The memory 806 can store a log of measurements that have been made.
The memory 806 therefore may include a database, for example a
relational database. Thus, still further embodiments may be
realized.
[0059] For example, FIG. 9 is a flow diagram illustrating
additional predictive control methods 911, according to various
embodiments of the invention. The methods 911 described herein
include and build upon the methods, apparatus, systems, and
information illustrated in FIGS. 1-8. Some operations of the
methods 911 can be performed in whole or in part by the system 300,
the system 810, or any component thereof (FIGS. 3 and 8).
[0060] Thus, referring now to FIGS. 1, 3, and 8-9, it can be seen
that in some embodiments, a method 911 begins with measuring at
least one property associated with a fracture in a geological
formation to provide a measured property.

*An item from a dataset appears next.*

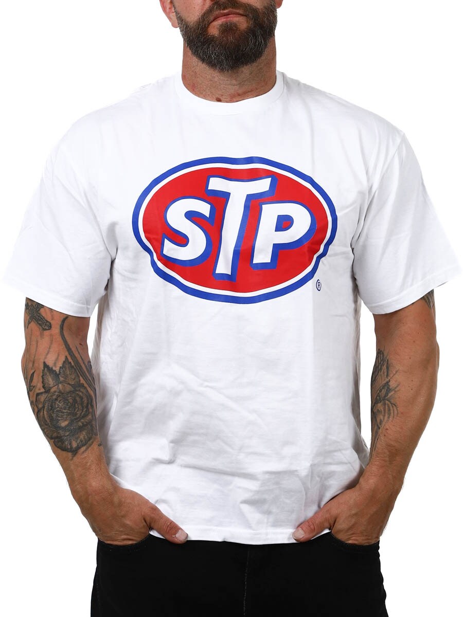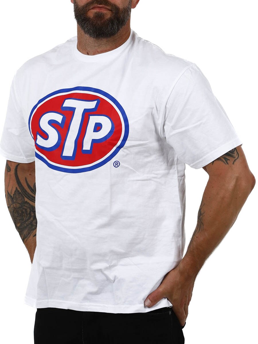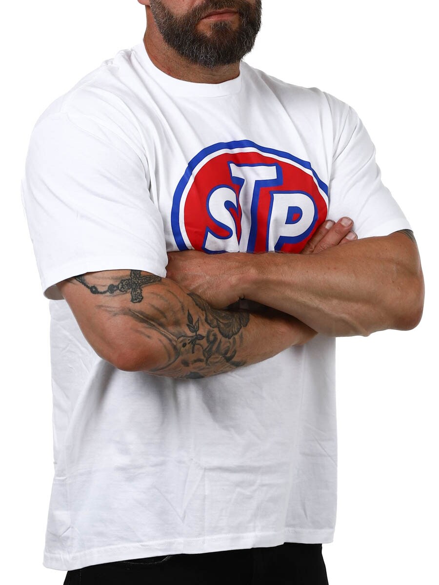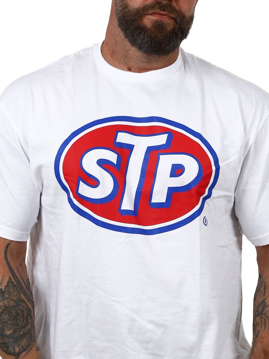 Den här vita t-shirten med klassiskt STP-tryck framtill är ett måste för dig som gillar retro, racing och autentisk amerikansk stil. Den har klassisk passform och rundad halsöppning.

[0061] For example, formation properties might be measured to
determine fracture geometry. Thus, the activity at block 921 may
include measuring the at least one property associated with a
fracture to determine geometry of the fracture. In some
embodiments, microseismic activity can be monitored to adjust the
injection of fracturing fluid and proppant. Thus, the activity at
block 921 may comprise monitoring the at least one property as at
least one microseismic condition in the geological formation,
perhaps to feed the measured property to a leak-off estimator
module (as described below).
[0062] In some embodiments, fracture fluid and proppant are
injected into the formation by controlled devices according to
measured properties of the formation, and a predictive fracturing
model. Thus, the method 911 may continue on from block 921 to block
925, to include determining a predictive fracturing model based on
the measured property.
[0063] The predictive fracturing model can be calibrated, perhaps
based on measurements of the formation. Thus, the model may be
calibrated by collecting historical data, finding an appropriate
model structure, and obtaining the best estimate of the parameters
in the model structure. However, in some embodiments, the
calibration is purely data-driven. That is, after collecting
historical data, a dynamic model is constructed directly from the
data (e.g., via machine learning or a neural network) without
specifying a model structure based on a priori knowledge. In either
case, the method 911 may comprise calibrating the predictive model
at block 929.
[0064] In some embodiments, the method 911 may continue on to block
931 to include determining an objective function comprising at
least one fracturing objective.
[0065] In most embodiments, the method 911 continues on to block
933 to include generating an actuator input level that satisfies
the predictive fracturing model and the fracturing objective of the
objective function.
[0066] The fracturing objective may be satisfied in a number of
ways. For example, in some embodiments, satisfying the fracturing
objective includes at least one of following a set point or
minimizing a cost function.
[0067] In some embodiments, the method 911 may continue on to block
937 to include operating a controlled device according to the
actuator input level. The controlled device can be operated to
adjust the condition of the fracture. Thus, the activity at block
937 may include operating the controlled device to provide a
desired condition of the fracture at a selected future time,
corresponding to the time of the next measurement of the at least
one property.
[0068] The controlled device may comprise one or more elements. For
example, in some embodiments, the operations at block 937 comprise
operating the controlled device as a pump to inject fluid into the
fracture. In some embodiments, the operations at block 937 comprise
operating the controlled device comprising one of a solenoid, a
switch, a transistor, or an input/output port.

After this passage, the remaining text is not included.